LAS allows the definition of Contextual Ineﬀectiveness (CI) : actions which are non-eﬀective in certain context. For example, in games where some interactions are triggered only in front of objects (’pick up’ or ’open’). Discovering which actions are relevant in which context can drastically increase the sample eﬃciency by easing exploration. A follow-up section (Section 2.1.3.4) describes in which environment CI happens and a contribution (Section 3.2) addresses contextual eﬀectiveness, using it as an exploration signal. More generally, when considering a class of MDPs, an action set can be minimal for certain instances but not for others. For example, multi-task agents might use a set of actions to solve one task (opening doors) and leave aside inventory, while another task does not involve doors and requires picking up objects. Thus, taking into account the goal when considering contextual ineﬀectiveness should be of interest to future works.

Facilitating learning by leveraging action similarity

If many actions trigger similar outcomes, an agent wastes time trying all of them in-dependently. Transferring knowledge between related actions is key to increase sample eﬃciency. Action similarity and contextual ineﬀectiveness are not completely orthogonal: If action A and B are similar and A is non-eﬀective in particular contexts, it would be appropriate to transfer this knowledge to B. For example, in text-based games, if the ac-tion « pick-up sword » is not working, « pick-up katana » is likely to fail too. The following section on action embeddings addresses this problem.

Action Embeddings

Intuition from NLP and Vision Embeddings learning is a subset of representation learning (Bengio et al., 2013), it converts discrete variables to a continuous domain. For example, words in NLP are one-hot encoded. However, one-hot representation cannot encode semantic proximity between words.

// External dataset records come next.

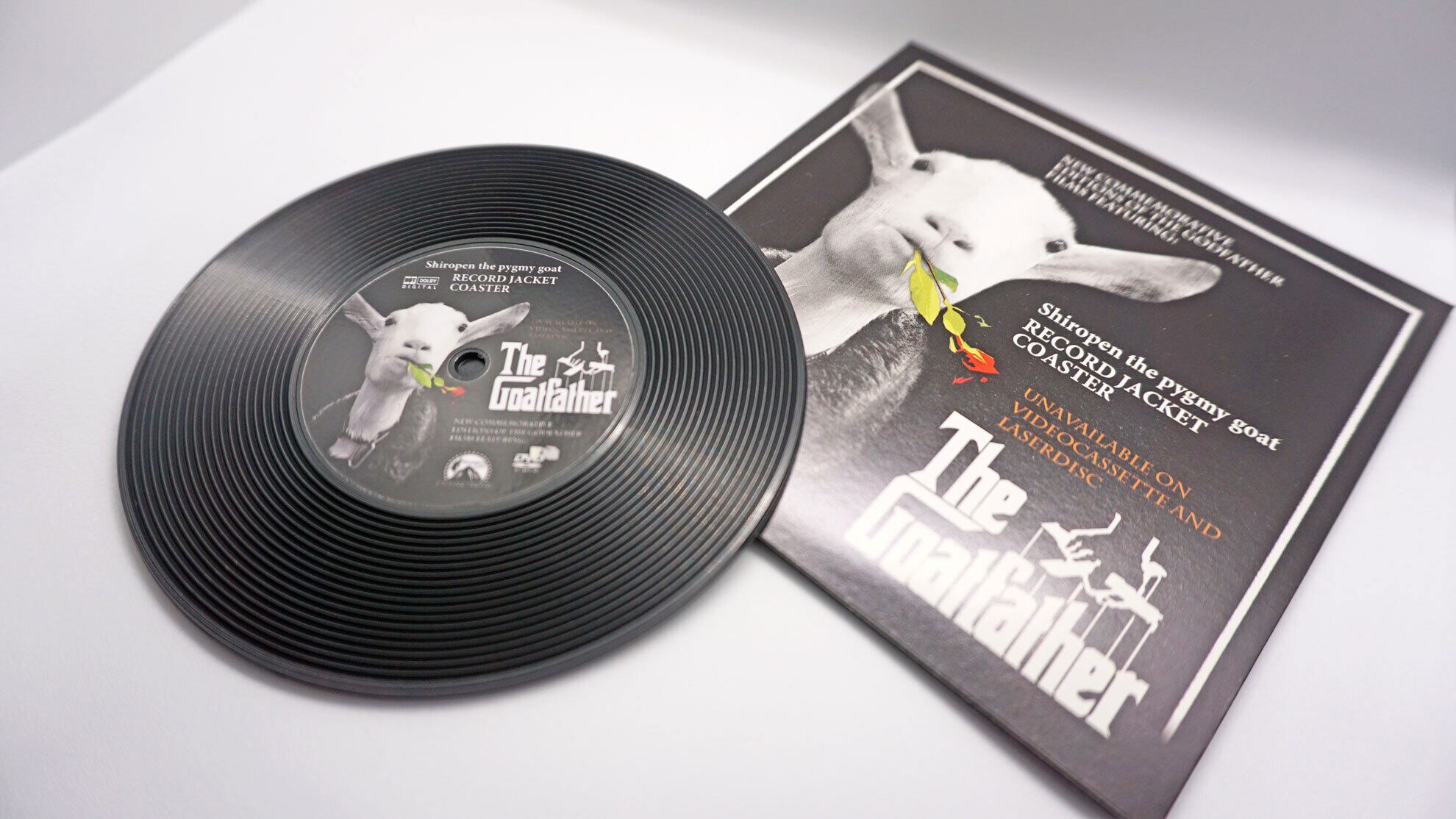 映画『ゴッドファーザー』をパロディした"ゴートファーザー"なコースターです。 レコード型になっており、使用しない時は専用のジャケットに収納してインテリアとしてもお使い頂けます。
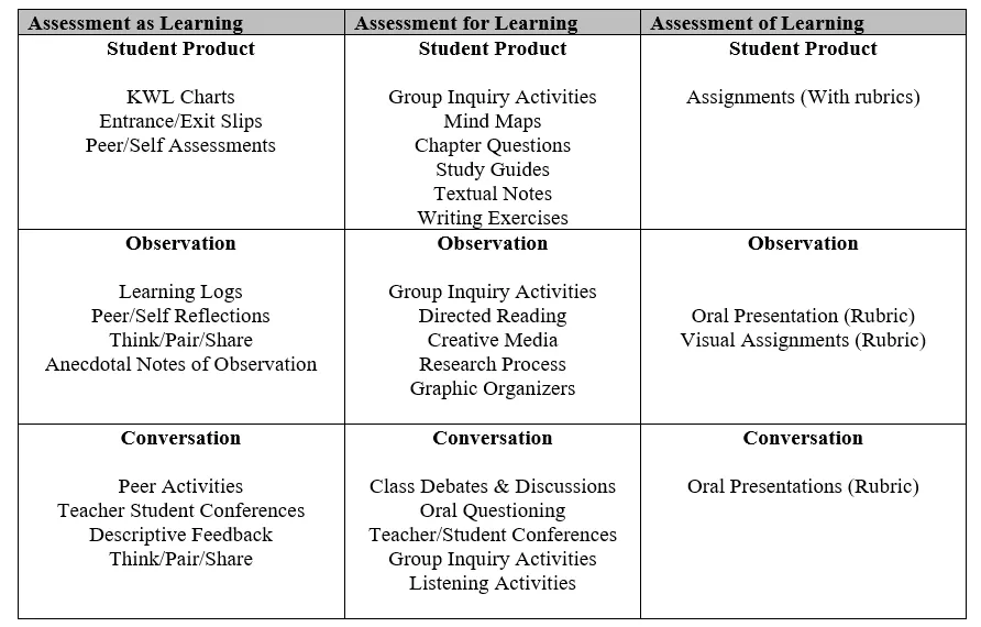Assessment as Learning: focuses on the explicit fostering of students’ capacity over time to be their own best assessors, but teachers need to start by presenting and modelling external, structured opportunities for students to assess themselves.
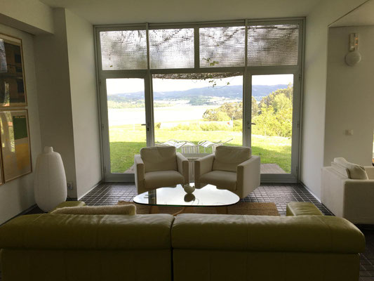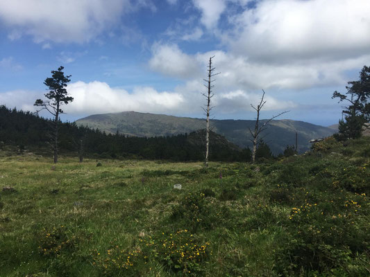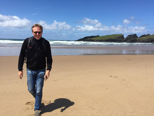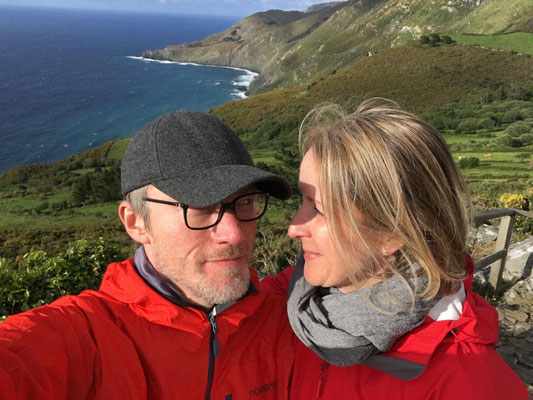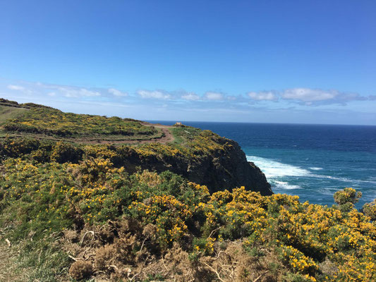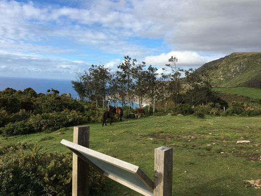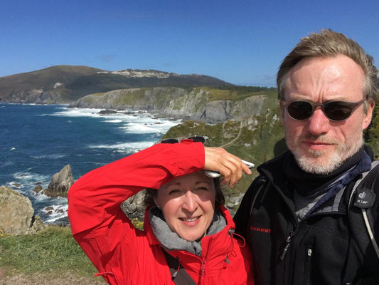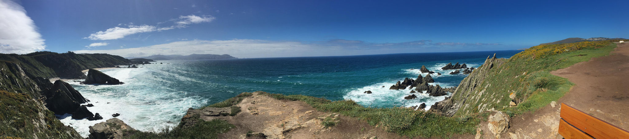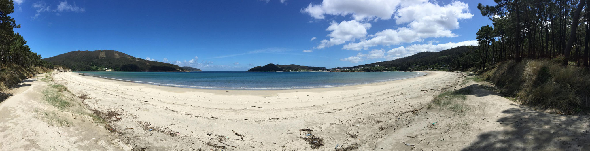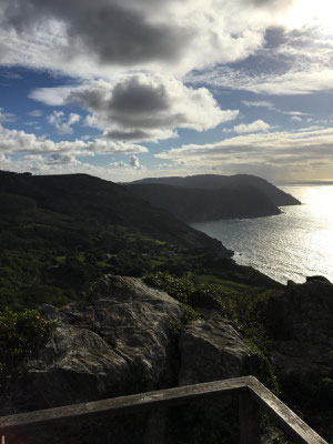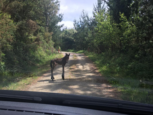 Wir machen uns gegen Mittag (18.05.) auf, um nach Galicien, den alleräußersten nordwestlichen Zipfel Spaniens zu fahren. Hier gibt es außer Natur nicht viel, weiß ich aus dem Fernsehen. Die soll aber sehr schön sein. Wir haben uns deshalb keinen größeren Ort mit Rambazamba gesucht, den gibt es hier nämlich nicht. Stattdessen gibt es ein 14-Quadratmeter-Zimmer mit Blick auf die Bucht (auch aus der Dusche!!!) in einem kleinen Hotel mit nur 7 Zimmern. Der Ort heißt Feas und gehört zur Gemeinde Carino (heißt auf spanisch "Zuneigung"). Die ganze Gemeinde zählt mit allem, was sich noch bewegt, ca. 4.000 "Einwohner". Sehr nett hier und friedlich.
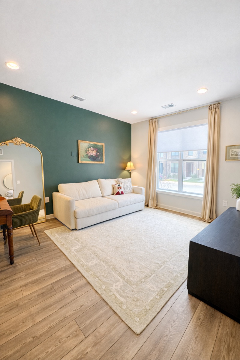 The finished lower level features a bedroom and full bath, ideal for guests, a home office, or extra living space. Clever built-out storage under the staircase, accessed through the hall closet, offers a surprising amount of hidden space for seasonal gear and holiday decorations. The open-concept main level has 9-foot ceilings, a spacious dining area, and an upgraded end-unit kitchen with a huge island, tons of storage, and light that makes cooking feel like a joy.
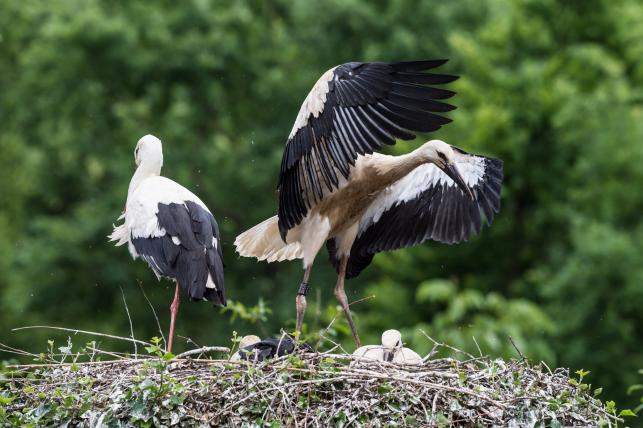 Um immer zu wissen, wo sie sich herumtreiben, werden im Zoo Basel immer wieder Störche besendert. So auch dieses Jahr. Für zwei Jungstörche sucht der «Zolli» noch Namen.
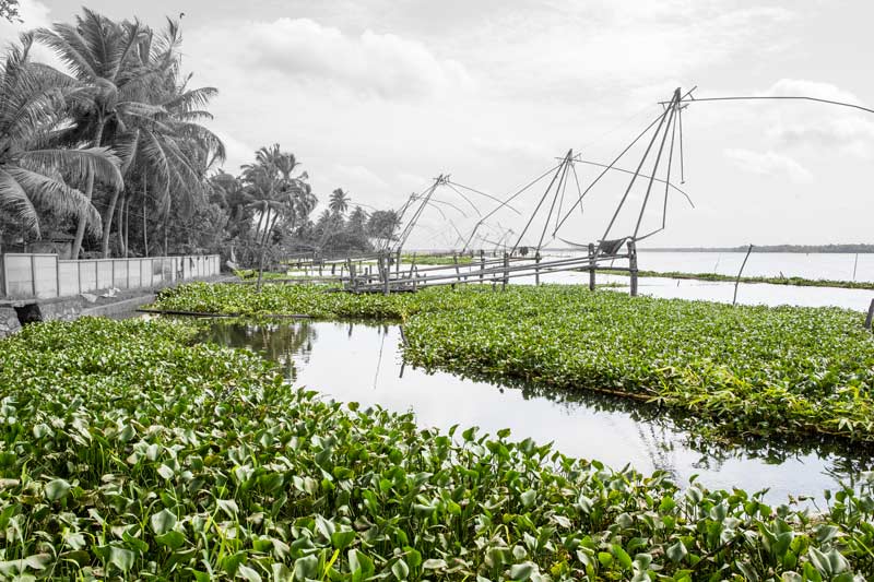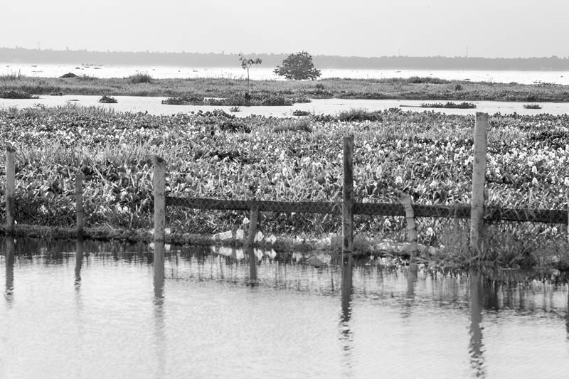 As noted before, the water of Vembanad Lake as well as the canals and streams in Kuttanad wetlands is very rich in nutrients, resulting from nutrient transport through agricultural runoff and untreated human waste sourced from the urban and rural settlements and the houseboats. Closure of Thanneermukkom Saltwater Barrier for extended periods is an important contributing factor too because this has led to significant reduction in tidal flushing in Kuttanad, which could have otherwise helped flush out the nutrients. As a result of eutrophication, alien invasive species like Kariba weed (Salvinia molesta) and water hyacinth (Eichhornia crassipes) have spread densely in the lake, canals and drains. These in turn impede water flows, prevent inland navigation, deplete dissolved oxygen and interfere with the entry of sunlight into water, thereby further adversely affecting fish reproduction and growth.
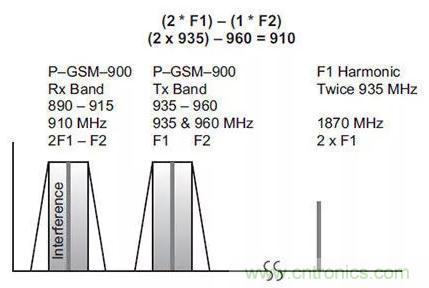 廣泛使用的900 MHz頻段的PIM示例假定兩個GSM載波,一個在935 MHz,另一個在960 MHz。在這種情況下,910 MHz三階產(chǎn)品位于基站接收頻段(圖4)。
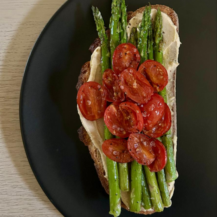 Humus de garbanzo, aceite de oliva, espárragos, tomate cherry, sal y Pimienta
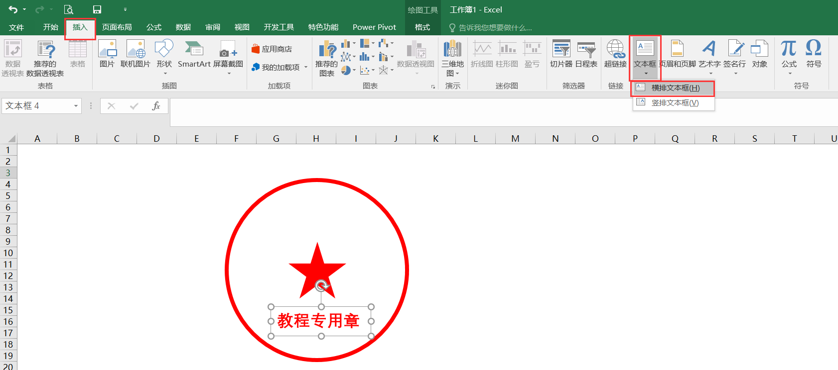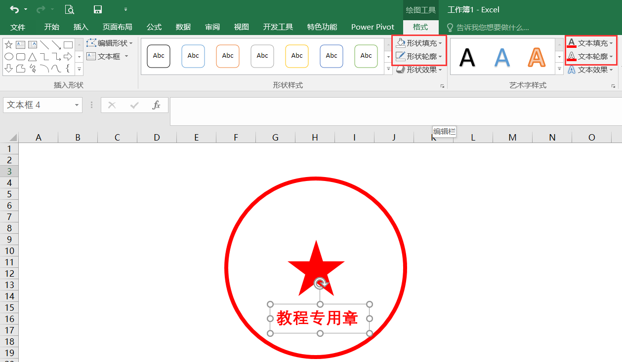 然后插入一个文本框,输入教程专用章,将文本框的形状填充和轮廓填充都设置为空白,将字体设置为红色,如下所示:
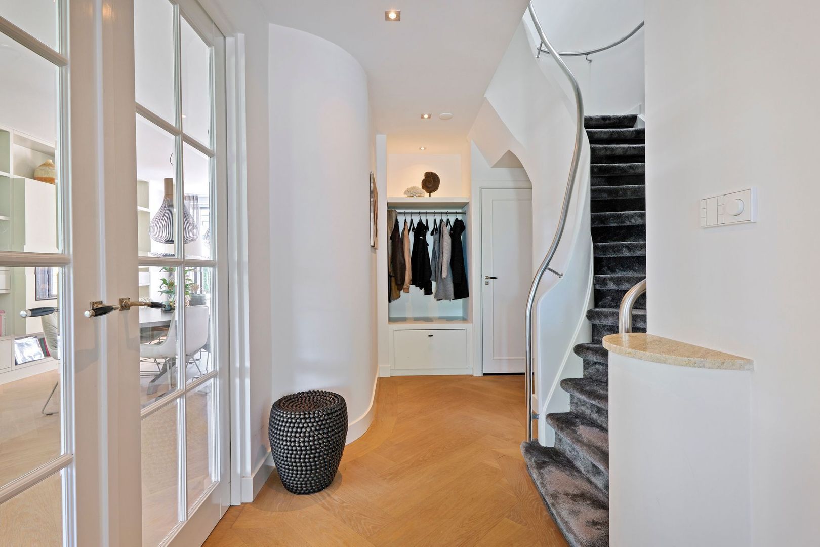 In 2018 is de woning bijzonder smaakvol gerenoveerd. Bij deze renovatie is een uitstekende combinatie gemaakt van moderne en duurzame materialen in een natuurlijke kleurstelling waarbij de authentieke stijlelementen behouden zijn gebleven. Noemenswaardig is de omvangrijke leefverdieping met stijlvolle woonkeuken en een wonderschone halfronde erker. Deze serene verdieping met twee sfeerhaarden biedt, met de groene heg rondom, zeer veel privacy. De beschutgelegen tuin van maar liefst 175m² verlengt deze woonlaag aanzienlijk. Een eye-catcher is de prachtige vorm van het bijzonder lichte trappenhuis met een knipoog naar het “Guggenheim”.
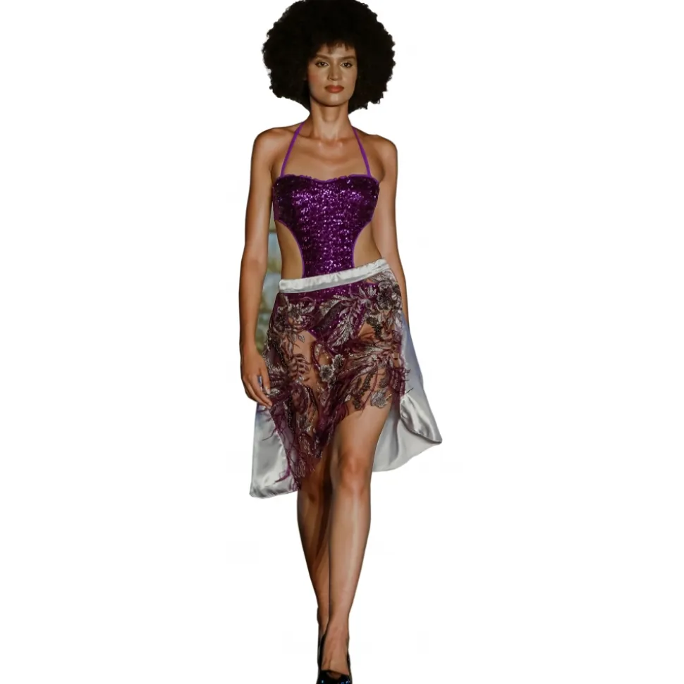 Miriam Tirinzoni – Purple Pareo Bikini with Feather Skirt – Skirt – Luxury Exclusive Collection
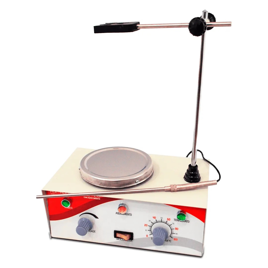 Agitador magnético com aquecimento, para agitação de (aproximadamente) até 2 litros de soluções com viscosidade próxima a da água, com as seguintes características:
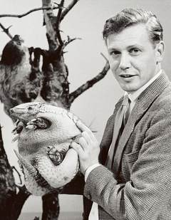 年轻时的大卫·爱登堡,在《动物园探奇》中讲解六带犰狳(前)和二趾树懒( 后)。

Thus, embeddings have been mostly used in NLP to organize words in a space where similarity and composition can be easily computed (Mikolov et al., 2013). Words like « crown » and « hat » should be close in this space, and « atomic » should be quite far. How to build such space from data? A simple word embedding method could take the following form: two words are converted from one-hot encoding to a continuous vector using a MLP. Both vectors are brought closer using a mean-square error loss if two words appear in the same sentence. In this example, the space is constrained directly, but Word2Vec (Mikolov et al., 2013) constrained the space using a downstream completion task and backpropagating through the network trains the embeddings. Computing embeddings for inputs is now standard for many NLP tasks (Pennington et al., 2014; Brown et al., 2020) but computer vision methods (Akata et al., 2015) propose to embed label (or class) in a classification task. For example, « baboon » and « gibbon » should have a closer pixel distribution than « car, » this type of information should alleviate learning and generalization to new classes. RL methods could benefit from the same general ideas. For example, in a dialog system (Chandramohan et al., 2010; Gao et al., 2018; Ferreira et al., 2013), each action is a dialog act (or a sentence). Algorithms could benefit from knowing that some actions are similar: « Greetings! » and « Hello » lead to closer outcomes than « Calm down, take a pill. »
Using pre-computed embeddings in RL van Hasselt et al., 2009 describes a method to use a continuous domain to tackle a discrete action space. In mountain-car, instead of using a set of discrete forces, they compute the policy in the continuous domain and then discretize the action. It enables generalization between similar actions, which reduces sample complexity. However, the action space consists of a unidimensional steering force, which is already almost continuous and smooth. Thus, 1. finding the closest action is easy 2. The continuous domain already encode similarity. However, many domains require a diﬀerent approach as action similarity can not be easily computed, and finding the closest discrete action can take time.
Dulac-Arnold et al., 2015 generalizes van Hasselt et al., 2009’s method to higher dimen-sional domains, allowing any pre-defined embeddings. To do so, the policy outputs a con-tinuous action and uses a nearest-neighbor algorithm (Fix et al., 1989) to find the closest discrete action. To pre-compute action embeddings, Tessler et al., 2019 uses predefined word embeddings (such as Word2Vec) and they compose actions using an Orthogonal Matching Pursuit algorithm. The following section proposes to improve upon pre-computed embeddings or design al-gorithms that can learn them concurrently with the policy.
Learning Action Embeddings Tennenholtz et al., 2019 proposes Act2Vec, an embed-ding method using expert demonstrations. Similar to Word2Vec (Mikolov et al., 2013), they encode action with respect to their surroundings. Actions that appear in the same context should have a similar function, thus should be close in the representation space. They showed that action embeddings encode a notion of similarity between actions, and clusters represent high-level semantic concepts. They also propose to go beyond 1-step action embeddings and embed sequences of actions (see Fig. 2.3).
Chandak et al., 2019 learns an inverse model (predicting the action between st and st+1)), using supervised learning and few collected trajectories to build an action representation. This constrains the embedding to contain information about the transition. Chen et al., 2019 refines this approach by using a probabilistic transition model. Finally, Pritz et al., 2020 builds an action representation coupled with state representation, learned alongside the policy. They also showed that embeddings trained alongside the policy were able to transfer quickly to new action domains. We expect to see more work in this direction as action representation increases eﬃciency, generalization, and adaptation to new actions.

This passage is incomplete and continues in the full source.